La Villette, Bavoux and the countless unknown artists of the late 19th century continued to paint in the now fatigued manner of the once radical concepts of chiaroscuro and perspective. Cezanne dropped down from the retina, which is the locus of value perception, to the striate cortex of the brain where the values are analyzed according to verticality, horizontality and diagonality.#3
Just as Caravaggio’s rigorous and powerful use of chiaroscuro spread rapidly throughout Europe to define the styles of Velasquez, Rembrandt and Vermeer, Cezanne’s understanding of the role of line direction, and its relations to seeing space, became the raw material for Cubism, Minimalism and various optically based art forms of the 20th century.

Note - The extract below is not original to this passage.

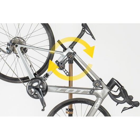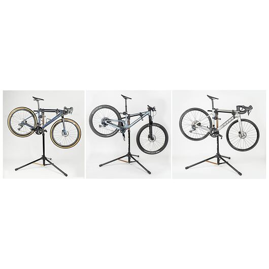 Unikátní nastavitelný tříbodový servisní stojan zajišťuje stabilitu a eliminuje poškození tenkostěnných a aerodynamických trubek. Tři kontaktní svorky s gumovými popruhy se snadno přizpůsobí jakémukoli rámu jízdního kola a upevní se blíže k těžišti kola, čímž se zlepší jeho stabilita. Přiložený stabilizátor řídítek je délkově nastavitelný tak, aby vyhovoval většině jízdních kol a udržoval jejich řídítka a přední kolo v bezpečí. Lze složit do kompaktních rozměrů pro uskladnění.

The implication of my interpretation of Cezanne’s personality on a general notion of the evolution of the language of painting, is that stylistic change can be achieved not only by deconstructing the current visual language, but by going beyond it to the underpinnings of that language which are not yet culturally appropriated.
Those thinkers and artists who promote modern paradigms of cultural revolution that aim to deconstruct accepted ways of seeing at a cultural level, in order to go beyond them, would do well to study Cezanne.
Oblivious to the social signs and symbols, the accretion of his inherited culture, he could more fully discover the inner visual structure of the eye/mind. The battle of transformation is not won only by questioning the notions of the current visual order, but by digging deeper into the structure of the eye/mind itself.
That the possibilities of the language of chiaroscuro had run their course could only be understood by a few people, who were not easily seduced by its current incarnation as a vehicle for describing the social order of the late 19th century. The creation of these artists was a new language, more vigorous and inclusive of varieties of the visual experience. It grew out of how the landscape was internally apprehended, not what is was supposed to represent externally to the class of collectors and cognoscenti of the time.
#1 Baxandall, Michael.” Shadows and Enlightenment”, (London and New Haven: Yale University Press, 1995)
#2Merleau-Ponty,Maurice “Cezanne’s Doubt” in “Sense and Non-Sense”, Translated by Hubert L. Derives and Patricia Allen Derives, 6th edition (Evanston Illinois: Northwestern U. Press, 1991) pages 9-25
#3Hoffman,Howard S, “Vision and the Art of Drawing”, (Englewood Cliffs, NJ: Prentice Hall, 1989) pages 48-67.